* [WHAT IS EXPECTED]:
Retype all of the data word for word, without pictures.

* [GIVEN INFORMATION]:
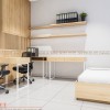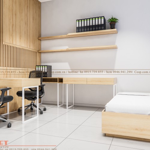 Phía trong cùng sau lớp vách ngăn quầy thu ngân là khu vực khám và kiểm tra mắt. Tại đây, có bố trí một giường bệnh nhân được làm từ khung gỗ MDF, đệm bọc da và một bộ bàn ghế giúp khách hàng hàng có thể theo dõi được những lời tư vấn về sức khỏe mắt từ phía bác sĩ.
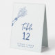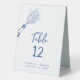 Hand Drawn Illustrated Numbered Cobalt Blue Wedding Table Tent Sign... A whimsical hand drawn illustration of bubbly wine spraying from a bottle borders the text on your wedding table number signs with your table number and bride and groom names and wedding date in hand-written script and sans serif typography just below. All text on both sides of the sign can be easily revised on the personalization template.
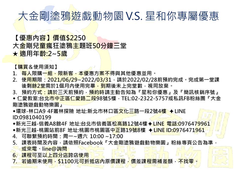 5.課表時間及內容,請依照Facebook『大金剛塗鴉遊戲動物樂園』粉絲專頁公告為準,或來電、line@詢問
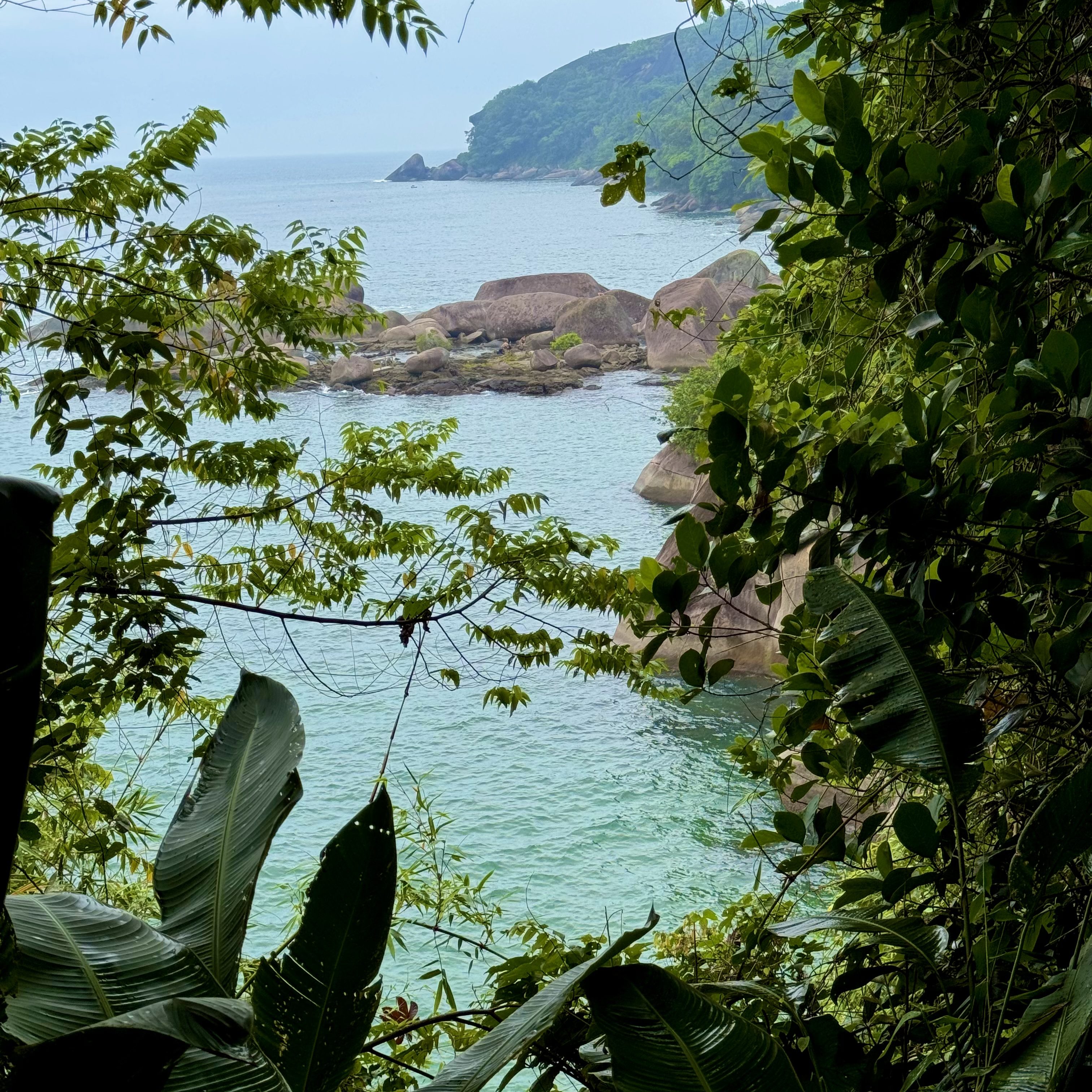 Depois seguimos a pé para o Parque Nacional da Serra da Bocaína, rumo à Praia do Meio. Essa é a última praia onde a pessoa pode escolher entre ir de barco até as piscinas naturais ou de trilha. Cada trecho de barco custa R$ 20, e como grupo optamos por ir de trilha e voltar de barco. Foi a melhor escolha, pois a trilha é incrível, com vistas lindas para Trindade. Depois seguimos para a famosa Praia do Cachadaço, um dos principais destinos do tour. Para chegar até lá, os turistas fazem uma caminhada de aproximadamente 15 minutos por uma trilha fácil, cercada pela vegetação exuberante da Mata Atlântica. A trilha leva os visitantes até a praia, que oferece um cenário deslumbrante, com águas calmas e rodeada por grandes pedras.

* [PROBLEM SOLUTION]:
 Phía trong cùng sau lớp vách ngăn quầy thu ngân là khu vực khám và kiểm tra mắt. Tại đây, có bố trí một giường bệnh nhân được làm từ khung gỗ MDF, đệm bọc da và một bộ bàn ghế giúp khách hàng hàng có thể theo dõi được những lời tư vấn về sức khỏe mắt từ phía bác sĩ.
 Hand Drawn Illustrated Numbered Cobalt Blue Wedding Table Tent Sign... A whimsical hand drawn illustration of bubbly wine spraying from a bottle borders the text on your wedding table number signs with your table number and bride and groom names and wedding date in hand-written script and sans serif typography just below. All text on both sides of the sign can be easily revised on the personalization template.
 5.課表時間及內容,請依照Facebook『大金剛塗鴉遊戲動物樂園』粉絲專頁公告為準,或來電、line@詢問
 Depois seguimos a pé para o Parque Nacional da Serra da Bocaína, rumo à Praia do Meio. Essa é a última praia onde a pessoa pode escolher entre ir de barco até as piscinas naturais ou de trilha. Cada trecho de barco custa R$ 20, e como grupo optamos por ir de trilha e voltar de barco. Foi a melhor escolha, pois a trilha é incrível, com vistas lindas para Trindade. Depois seguimos para a famosa Praia do Cachadaço, um dos principais destinos do tour. Para chegar até lá, os turistas fazem uma caminhada de aproximadamente 15 minutos por uma trilha fácil, cercada pela vegetação exuberante da Mata Atlântica. A trilha leva os visitantes até a praia, que oferece um cenário deslumbrante, com águas calmas e rodeada por grandes pedras.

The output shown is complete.